1.The SARS-CoV-2 virus is now endemic, circulating at a level where it will not be able to be eradicated. Anyone who has no resistance will get it sooner or later.

2.Therapies developed by doctors and scientists from March until today, with bloody work, have significantly reduced mortality. But hospitals are still full. Queues are in front of the doors of clinics and hospitals all day and night. Even with that better therapy, people are dying on all sides. You don't have to believe anyone's word about it, all you have to do is count the death certificates or take a walk in front of the ambulance and see the lines with your own eyes.

It's never been like this with a single flu.

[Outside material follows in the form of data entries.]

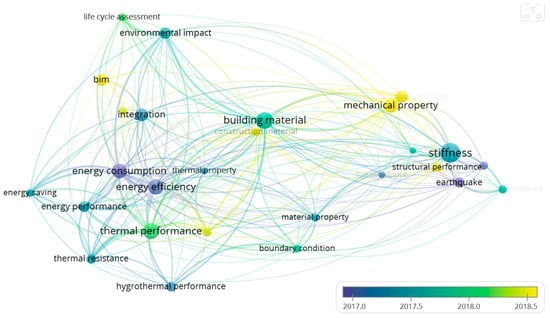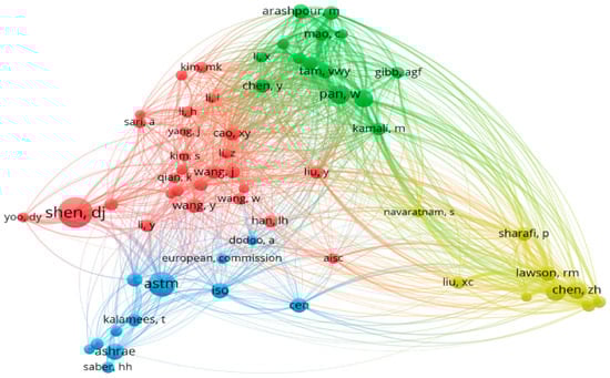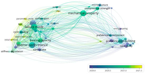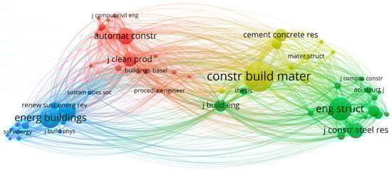 Figure 3 shows that all journals are categorized into four clusters, denoted by yellow, green, blue, and red. The largest number of items appears in Construction and Building Materials, which primarily publishes articles related to construction materials in the AEC industry, while other journals in this cluster (yellow) also feature articles concerning materials. The green clusters are predominantly focused on scrutinizing structural aspects and methodologies for extracting pertinent information from them. Publications within the blue cluster are dedicated to advancing the sustainable development of construction projects by delving into the intricate interplay between structures and the environment. The red cluster predominantly publishes articles related to the application of prefabricated building and its construction method.
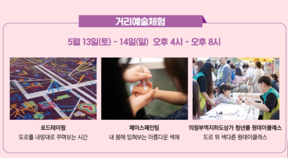 거리예술체험으로는 로드테이핑, 페이스페인팅 및 의정부역지하도상가 청년들 원데이클래스 등 아기가 좋아할만한 것도 있어보이네요.
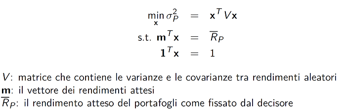 Rappresentazione della scelta del portafoglio ottimo come problema di ottimizzazione vincolata

This is not "just a cold," and it's not a naive thing. It is time to put those stories aside, because they are dangerous to health.

  1. Scientific studies show that a large number of people, perhaps up to 20% of those who had significant symptoms, survive the disease, but with damage to the lungs, heart, kidneys, vascular system, and occasionally the brain. This is not the first time we have seen something like this: the current epidemic is very similar in many parameters to the Spanish flu epidemic that hit the world in 1918-1920. People with similar consequences as we see today buried neurological, cardiac, and pulmonary clinics until the 1950s. We can expect that those who get the virus will live shorter on average, be sicker, develop various chronic diseases earlier in life, and that we will generally have more disabled people over the next few decades.

  2. In cases where problems with vaccines were detected, these problems occurred no later than three months after vaccination. In fact, 99% of the side effects of the vaccine occur either within a few days or a maximum of the first two weeks after vaccination (which is the period during which the body actually responds to the vaccine). Therefore, if the vaccine is given to tens of thousands of people, and if after three months there are no signs of major problems, the chances are very small that something very bad has been hidden.

  3. RNA vaccines are a new technology. Personally, I am not afraid of them, since I know the technology by which they are made. But I realize that many people find it intimidating to take something new.

If you have been healthy so far, your choice is this: you can take the vaccine, and risk its side effects. Or you can wait to get the virus, and risk the side effects of the infection. There is no risk-free option. You can only choose which risk you want.

It is important to know that the absolutely worst vaccines we have ever had had effects that were nowhere near the effects of the virus. For it to make sense to choose a virus instead of a vaccine, SARS-CoV-2 vaccines would have to be thousands of times worse than the worst ever made in history.